По своей сути, по масштабности, по выявлению русского характера Бондарчук в кинорежиссуре и актерском исполнении — художник глубокого, основательного, натурального, я бы сказал, толстовского звучания, погружавшийся всецело в стихию творчества и отдававший немерено своей крови, пота и нервов. К киноискусству он относился всегда с высокой меркой ответственности, достоинства, требовательности и осознанием его значимости. Когда его однажды спросили: «Для чего вы делаете картины?» — он, не задумываясь, ответил: «Поднять достоинство нации». И действительно, возьмем любой его фильм, независимо от того, постановщик он в нем или исполнитель. Эта сквозная задача неизменно присутствует в его работах: и в «Судьбе человека», и в чеховской «Степи», и в «Борисе Годунове», и в «Войне и мире» — поднять достоинство нации, достоинство человека. Мы все ищем и никак не можем найти идею объединения нации, которая бы как-то сплотила народ, открыла перспективу движения к возрождению России. А вот она, эта идея — поднять достоинство нации, — разве не заслуживает того, чтобы быть воплощенной в жизнь. И воплощенной страстно, полновесно, на высочайшем художественном уровне. Не зря, я думаю, на одном из своих юбилеев в Доме кино после долгих и утомительных поздравлений, приветствий он прочитал в заключение «Пророка» Александра Сергеевича Пушкина, закончив стихотворение призывным четверостишием:



Восстань, пророк, и виждь, и внемли,
Исполнись волею моей,
И, обходя моря и земли,
Глаголом жги сердца людей.



Вот он действительно глаголом жег сердца людей, утверждая достоинство человека, нравственные начала в нем, утверждая художественность.

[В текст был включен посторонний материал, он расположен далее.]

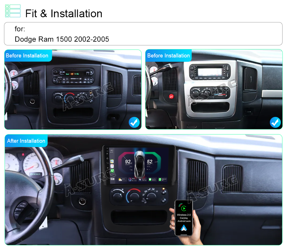 2. Android Auto: wired or wireless Android auto in-vehicle system can closely integrate the user's Android device and Android experience with the dashboard system. Users who use wireless Android auto can connect to the car system via Bluetooth to realize voice-controlled navigation, make calls, send and receive messages, and listen to music. It is only available for Android phone(Android phones need to download android auto APP)
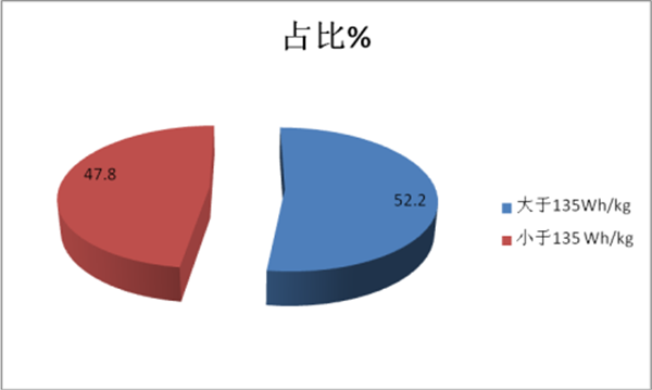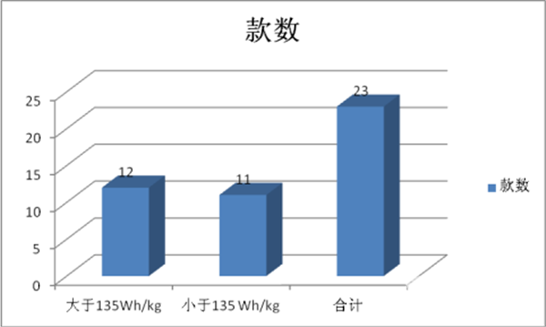 特点四:能量密度在135Wh/kg以上的有12款,占比超过半壁江山,最低的为120.9Wh/kg

Вот ведь как случилось, что в начале книги приходится с грустью вспомнить о дорогих мне людях, которых, к великому сожалению, уже нет среди нас.

Не стало Михаила Александровича Ульянова — большого русского актера, могучей силы неповторимого таланта, многолетнего моего партнера по сцене и кинематографу. И какого партнера!.. Это было настоящее счастье играть с ним в спектаклях. Он буквально заражал энергией, темпераментом, сверлил тебя своим взглядом, вызывал, как на дуэли, на поединок. Во всей мощи я испытал это великое партнерство в спектаклях «Антоний и Клеопатра», «Фронт», конечно же, в легендарной «Принцессе Турандот» и многих других. Счастье и необычайная ответственность было играть с ним в одних спектаклях. К сожалению, в продолжении последних почти двух десятилетий ему пришлось делить актерскую стезю с обязанностями художественного руководителя театра. Говорю, к сожалению, потому что он плоть от плоти — актер, великий актер, неповторимый. И все, что было связано с актерской профессией, в исполнении Ульянова неоценимо. А все, что отвлекало его от главного предназначения в жизни, при всей необходимости или вынужденности это делать, естественно, отнимало немало времени, сил, нервов, наконец, здоровья. Но так сложилось, что после Евгения Рубеновича Симонова театр остался без главного режиссера и Михаил Александрович, можно сказать, как амбразуру закрыл собою в эту довольно продолжительную пору безвремения. Что, вероятно, и ускорило его уход от нас. Далее в книге я еще не раз назову это легендарное имя актера, все-таки более пятидесяти лет нас связывали в творчестве и по жизни.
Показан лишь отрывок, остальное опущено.